LLMs are nothing like that. They are probabilistic systems at their very core. Sometimes you get garbage. Sometimes you win. Change a single character and you may get a completely different response. You can't easily build abstractions when the underlying system has so much randomness because you need to verify the output. And you can't verify the output if you have no idea what you are doing or what the output should look like.

lxgr 3 hours ago | parent [-]

I think these analogies are largely correct, but TFA is about something subtly different:

LLMs don't make it impossible to do anything yourself, but they make it economically impractical to do so. In other words, you'll have to largely provide both your own funding and your own motivation for your education, unless we can somehow restructure society quickly enough to substitute both.

With assembly, we arguably got lucky: It turns out that high-level programming languages still require all the rigorous thinking necessary to structure a programmer's mind in ways that transfer to many adjacent tasks.

It's of course possible that the same is true for using LLMs, but at least personally, something feels substantially different about them. They exercise my "people management" muscle much more than my "puzzle solving" one, and wherever we're going, we'll probably still need some puzzle solvers too.

lelanthran 5 hours ago | parent | prev | next [-]

> He had been working as a programmer for a significantly longer time than me. Long enough that for many years of his career, he had been programming in assembly.

Please, not this pre-canned BS again!

Comparing abstractions to AI is an apples to oranges comparison. Abstractions are dependable due to being deterministic. When I write a function in C to return the factorial of a number, and then reuse it again and again from Java, I don't need a damn set of test cases in Java to verify that factorial of 5 is 120.

With LLMs, you do. They aren't an abstraction, and seeing this worn out, tired and routinely debunked comparison being presented in every bloody thread is wearing a little thin at this point.

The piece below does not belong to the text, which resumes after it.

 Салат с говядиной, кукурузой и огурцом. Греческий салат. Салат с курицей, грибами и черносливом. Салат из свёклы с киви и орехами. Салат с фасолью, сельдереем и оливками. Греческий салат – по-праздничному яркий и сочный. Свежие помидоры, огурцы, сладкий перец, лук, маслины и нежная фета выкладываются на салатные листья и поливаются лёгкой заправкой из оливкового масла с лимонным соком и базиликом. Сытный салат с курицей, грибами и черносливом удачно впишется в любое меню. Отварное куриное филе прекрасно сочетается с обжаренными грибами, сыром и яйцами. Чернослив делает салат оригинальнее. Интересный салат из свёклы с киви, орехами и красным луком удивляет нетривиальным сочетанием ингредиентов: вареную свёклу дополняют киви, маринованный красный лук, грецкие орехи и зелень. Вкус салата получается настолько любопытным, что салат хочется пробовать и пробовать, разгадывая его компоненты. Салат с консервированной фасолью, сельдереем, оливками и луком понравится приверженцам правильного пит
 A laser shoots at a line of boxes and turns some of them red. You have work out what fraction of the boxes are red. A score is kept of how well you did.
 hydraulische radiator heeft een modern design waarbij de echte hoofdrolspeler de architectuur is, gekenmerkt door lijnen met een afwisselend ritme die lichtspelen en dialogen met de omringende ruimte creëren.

We've seen this argument hundreds of times on this very site. Repeating it doesn't make it true.

sd9 5 hours ago | parent | prev | next [-]

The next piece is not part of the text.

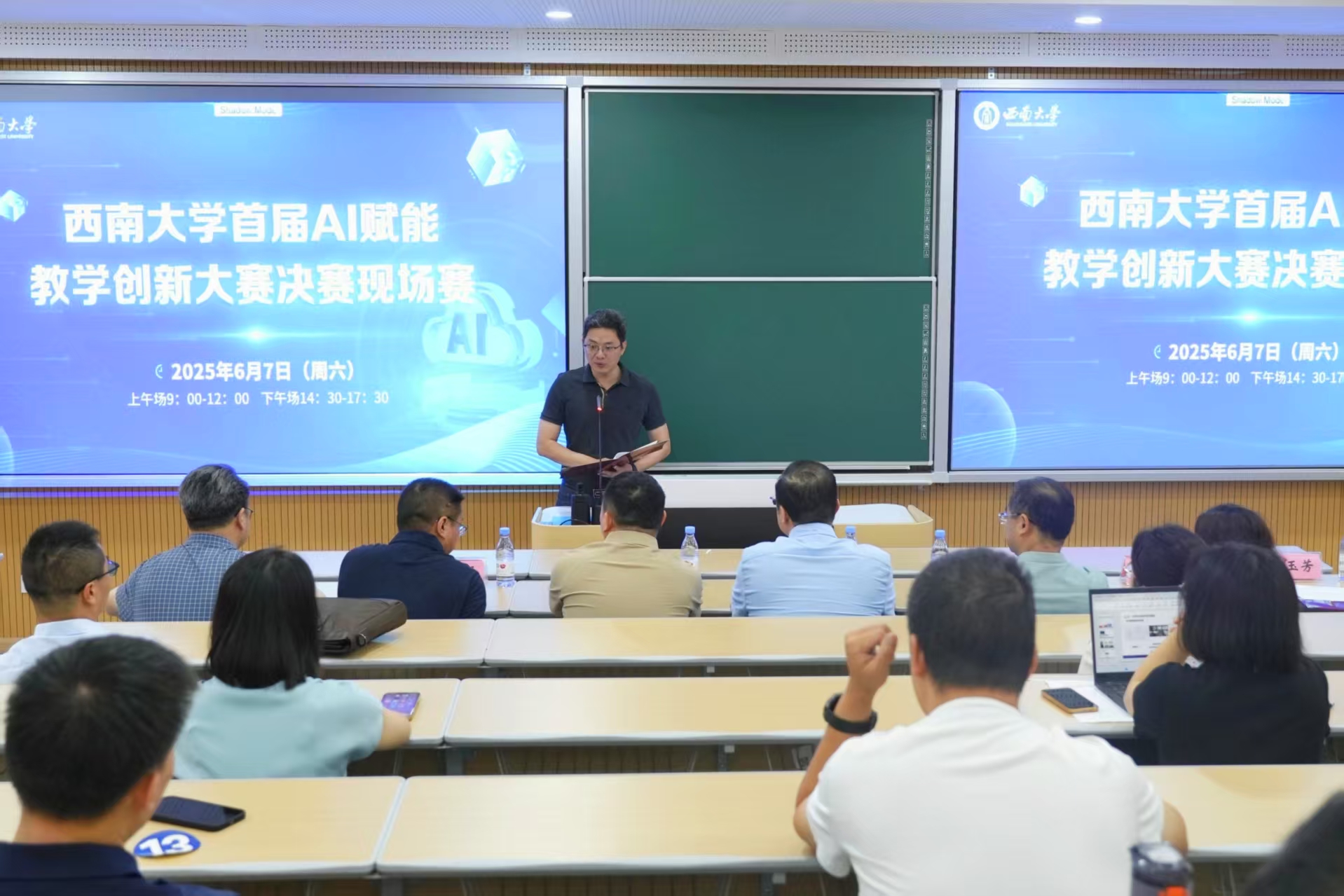 为贯彻落实国家教育数字化战略行动部署,深化人工智能与教育教学的融合创新,推动学校教师数字素养全面提升,以赛促教、以赛促创,67日,学校在31教智慧教学楼举行首届AI赋能教学创新大赛决赛现场赛。决赛开幕式邀请PA视讯副校长赵玉芳教授致辞,由本科生院院长付志锋教授主持。共有来自全校24个学院(部)的40名教师参与决赛现场角逐。大赛吸引多所高校共计3000余人次线上线下同步观摩。

Lovely story, thanks for sharing.

I wonder how many assembly programmers got over it and retrained, versus moved on to do something totally different.

I find the agentic way of working simultaneously more exhausting and less stimulating. I don’t know if that’s something I’m going to get over, or whether this is the end of the line for me.

AnimalMuppet 4 hours ago | parent [-]

I wasn't there at the time, but I believe that most assembly programmers learned higher-level languages.

My mother actually started programming in octal. I don't remember her exact words, but she said something to the effect that her life got so much better when she got an assembler. I suspect that going from assembly to compilers was much the same - you no longer had to worry about register allocations and building stack frames.

ThrowawayR2 2 hours ago | parent [-]

It was a trade-off for a very long time (late 1960s to late 1990s IMO): the output of the early compilers was much less efficient than hand writing assembly language but it enabled less skilled programmers to produce working programs. Compilers pulled ahead when eventually processor ISAs evolved to optimize executing compiler generated code (e.g. the CISC -> RISC transition) and optimizing compilers became practical because of more powerful hardware. It definitely was not an overnight transformation.

jurgenburgen 3 hours ago | parent | prev [-]

The difference is that you don’t need to review the machine code produced by a compiler.

The same is not true for LLM output. I can’t tell my manager I don’t know how to fix something in production the agent wrote. The equivalent analogy would be if we had to know both the high-level language _and_ assembly.